▸ **ACTIVITY**
Exact wording is required: transcribe all the entries and leave the images out.

┏━━

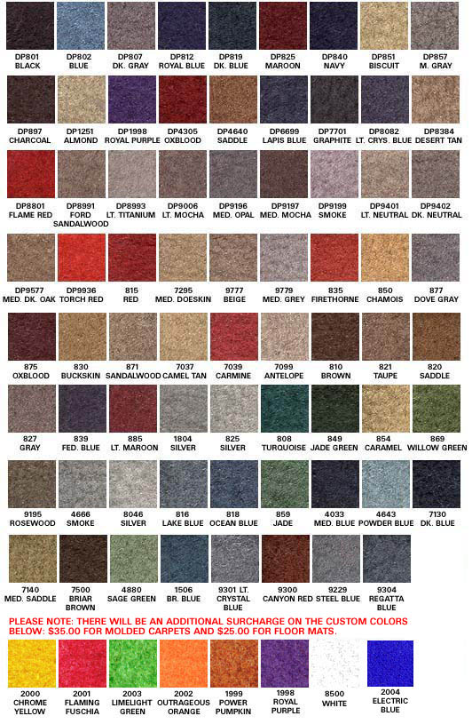 Cut Pile Teppiche (100% Nylon) wurden in den meisten US-Fahrzeugen und auch in den anderen Herstellerländern ab 1974 bis heute benutzt.
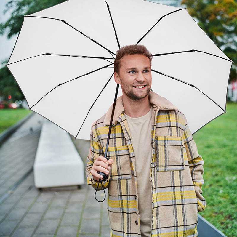 Automatický vreckový dáždnik odolný voči búrkam s pohodlným uchopením. Otvára a zatvára sa pomocou tlačidla.
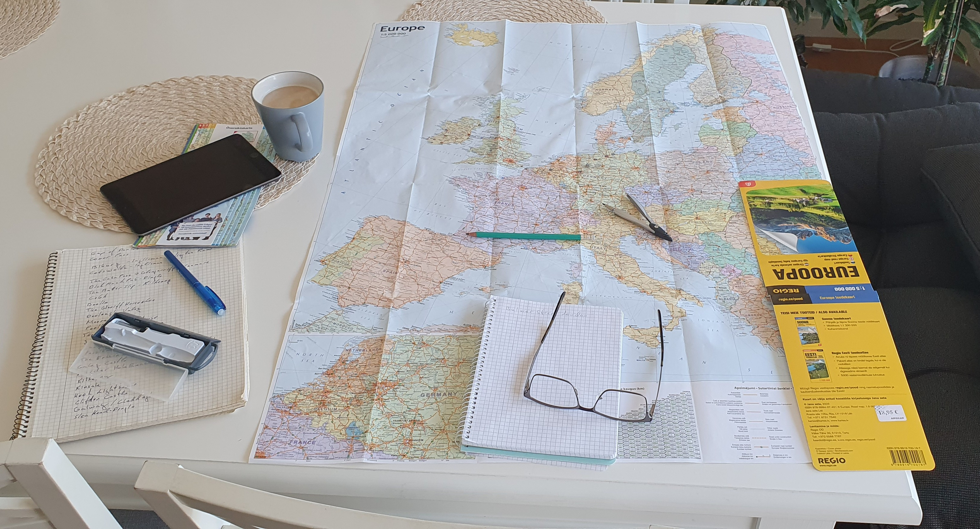 Oma ettekujutuses võtsin ma ette kaardi ning laevalogi täpsusega kandsin teekonna kaardile. Praktikas see nii sujuv algus muidugi polnud, sest esimeseks takistuseks osutus paberkaardi leidmine. Pole just palju neid butiike, kus sellist arhailist inventari leida. Uus aeg soosib uusimaid lahendusi GPS, navi, telefonis, eraldi seadmetes jms. Aga minu jaoks need kuigi ahvatlevad pole. Töökindluse mõttes ehk jah, kuid teekonna planeerimisel ja tervikliku ylevaate osas kasinad. Viimaks siiski õnnestus leida Apollo raamatupoe kaugemast servast riiul, kus muude reisikirjade vahelt paistis maakaardi kollakas serv, kirjaga - Euroopa. See sobis. Hind 13,95 EUR
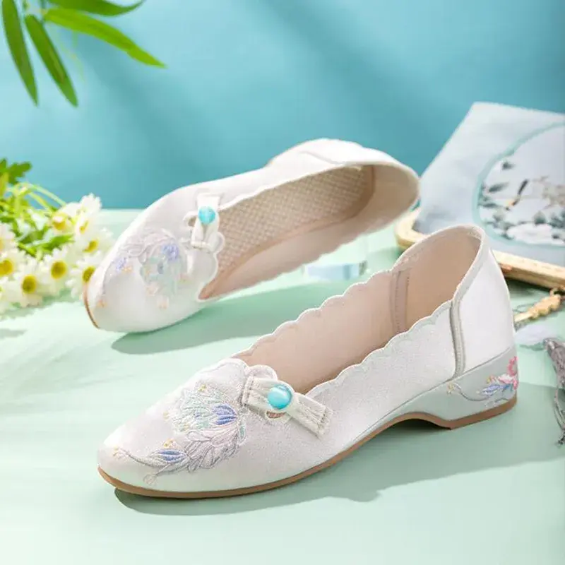 These elegant loafers effortlessly combine style and comfort, making them a perfect choice for the modern woman's wardrobe. The pointed toe and low heel create a flattering silhouette, while the intricate embroidery adds a touch of sophistication.
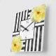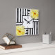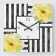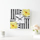 Yellow Roses Black and White Stripes Square Wall Clock

┗━━

▸ **TASK ANSWER**
 Cut Pile Teppiche (100% Nylon) wurden in den meisten US-Fahrzeugen und auch in den anderen Herstellerländern ab 1974 bis heute benutzt.
 Automatický vreckový dáždnik odolný voči búrkam s pohodlným uchopením. Otvára a zatvára sa pomocou tlačidla.
 Oma ettekujutuses võtsin ma ette kaardi ning laevalogi täpsusega kandsin teekonna kaardile. Praktikas see nii sujuv algus muidugi polnud, sest esimeseks takistuseks osutus paberkaardi leidmine. Pole just palju neid butiike, kus sellist arhailist inventari leida. Uus aeg soosib uusimaid lahendusi GPS, navi, telefonis, eraldi seadmetes jms. Aga minu jaoks need kuigi ahvatlevad pole. Töökindluse mõttes ehk jah, kuid teekonna planeerimisel ja tervikliku ylevaate osas kasinad. Viimaks siiski õnnestus leida Apollo raamatupoe kaugemast servast riiul, kus muude reisikirjade vahelt paistis maakaardi kollakas serv, kirjaga - Euroopa. See sobis. Hind 13,95 EUR
 These elegant loafers effortlessly combine style and comfort, making them a perfect choice for the modern woman's wardrobe. The pointed toe and low heel create a flattering silhouette, while the intricate embroidery adds a touch of sophistication.
 Yellow Roses Black and White Stripes Square Wall Clock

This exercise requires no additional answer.